The original motivation is seismic forward modeling, but I’m also interested in
making the implementation reasonably idiomatic and reusable in the Julia ecosystem.
At the moment, the project supports:
- 2D elastic wave equation on a staggered grid
- Hybrid absorbing boundary conditions for elastic waves
- Explicit time stepping
- Explicit CUDA.jl-based GPU kernels for field updates
- Config-driven simulation setup (sources, receivers, model, boundaries)

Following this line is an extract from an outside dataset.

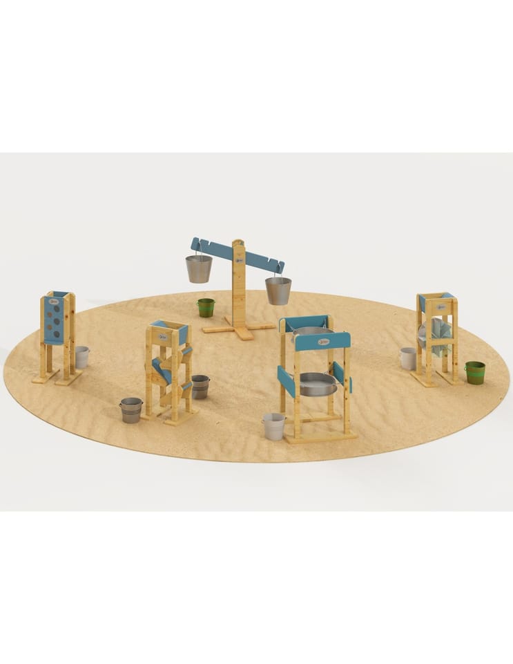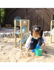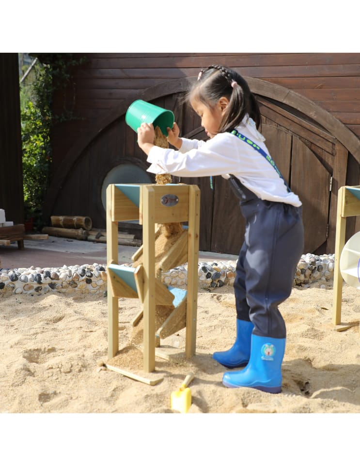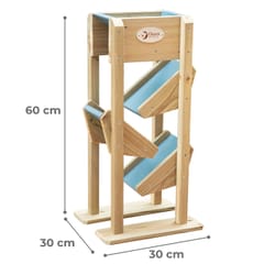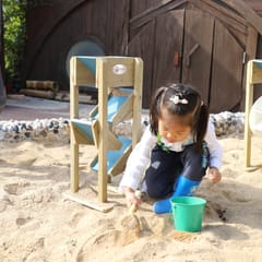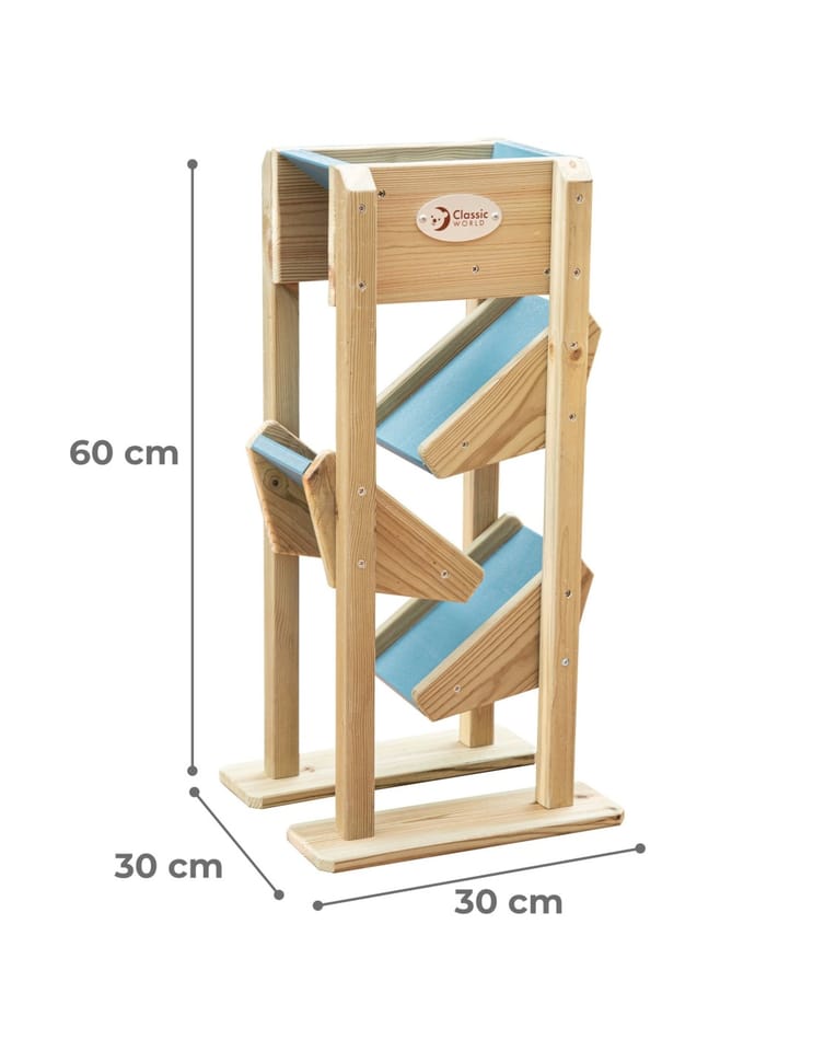 Drewniana Zjeżdżalnia Na Piasek od marki CLASSIC WORLD to dobrej jakości zabawka, która idealnie dopełni piaskownicę twojego dziecka, ale także place zabaw w placówkach edukacyjnych. Składa się ona z lejka umieszczonego na samej górze, do którego dziecko wsypuje piasek, który następnie po 3 małych zjeżdżalniach zlatuje na dół. Używanie tej drewnianej zjeżdżalni to świetna zabawa sensoryczna dla dziecka, która dobrze wpływa na małą motorykę.

The code is currently research-oriented:
it runs end-to-end on the GPU and produces reasonable results,
but the public API and package structure are still evolving.
The repository is here:
This is very much a work in progress.
Possible future directions
Some possible future directions I’m considering (in no particular commitment order):
-
Support for more general free-surface geometries
(e.g. irregular topography beyond simple flat boundaries) -
Extension from 2D to 3D elastic wave modeling,
once the core abstractions are stable enough -
Multi-GPU execution via domain decomposition,
potentially using MPI and CUDA-aware communication
I’d really appreciate feedback on a few specific points:
-
API design
Does the current separation between configuration structs and simulation routines
look idiomatic from a Julia perspective? -
GPU kernel organization
Is it reasonable to keep explicit CUDA kernels for the core updates,
or would you recommend a higher-level abstraction (e.g. KernelAbstractions.jl)
at this stage? -
Project scope
From a community perspective, does this look more like:- a reusable library, or
- an application / research code that should stay more opinionated?
-
Related work
Are there existing Julia packages or projects I should study or align with?
Thanks for your time, and any suggestions are very welcome.